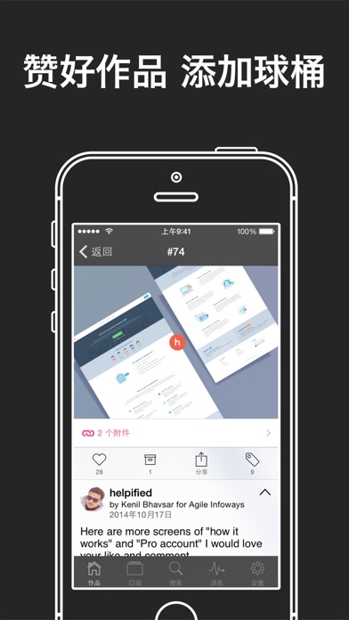 嘿 dribbblers!您可以用这个最新最快功能齐全的手机客户端浏览 dribbble 作品。这个程序使用了最新的 iOS 8 技术。支援 iPad, iPhone5,5S,6 和 iPhone 6。 您可以 ∙ 赞好作品 (shot) ∙ 发表评论 ∙ 关注其他用户 ∙ 添加作品到您的球桶 (bucket) ∙ 放大/下载图像或附件 ∙ 查看大档案 GIF 动画 ∙ 阅读您的订阅 ∙ 使用关键字搜索 ∙ 查看篮板球 ∙ 查看作品的标签或球桶 这是 dribbble 第三方客户端应用程序。
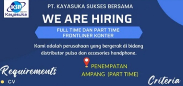 PT Kayasuka Sukses Bersama Buka Lowongan Frontliner Konter, Cocok untuk Mahasiswa Part-Time
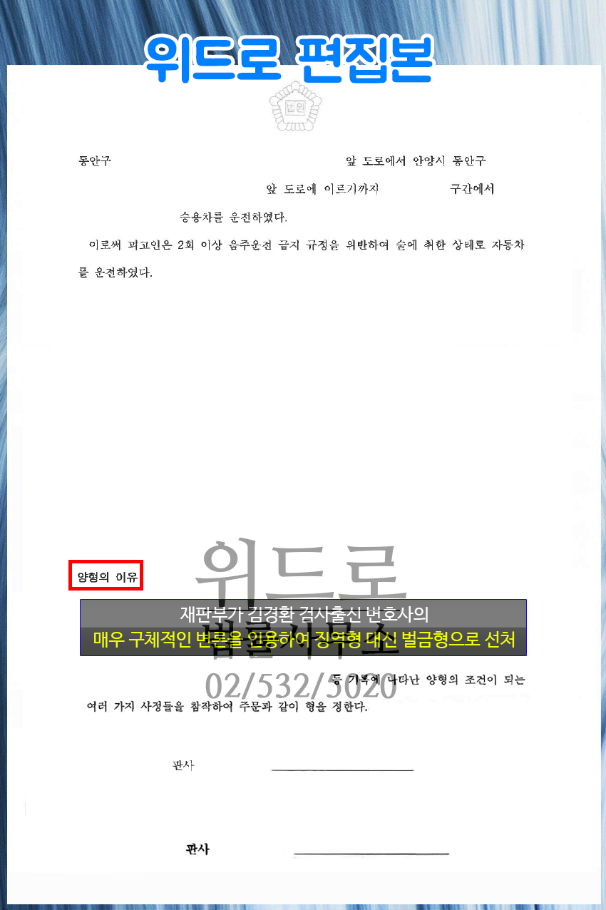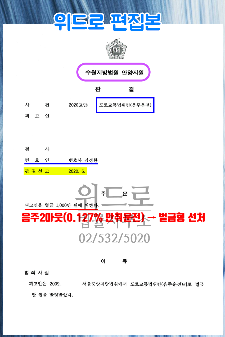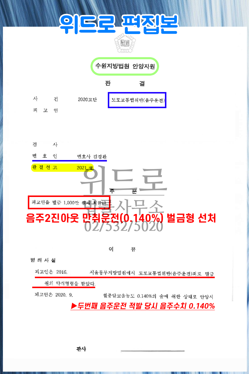 수원지법 안양지원 음주 2회 만취운전 벌금형 선고

◆ **Aim of the exercise**
Keep the pictures out, and write out the rest of the data above word for word.

◆ **Answer to this task**
 嘿 dribbblers!您可以用这个最新最快功能齐全的手机客户端浏览 dribbble 作品。这个程序使用了最新的 iOS 8 技术。支援 iPad, iPhone5,5S,6 和 iPhone 6。 您可以 ∙ 赞好作品 (shot) ∙ 发表评论 ∙ 关注其他用户 ∙ 添加作品到您的球桶 (bucket) ∙ 放大/下载图像或附件 ∙ 查看大档案 GIF 动画 ∙ 阅读您的订阅 ∙ 使用关键字搜索 ∙ 查看篮板球 ∙ 查看作品的标签或球桶 这是 dribbble 第三方客户端应用程序。
 PT Kayasuka Sukses Bersama Buka Lowongan Frontliner Konter, Cocok untuk Mahasiswa Part-Time
 수원지법 안양지원 음주 2회 만취운전 벌금형 선고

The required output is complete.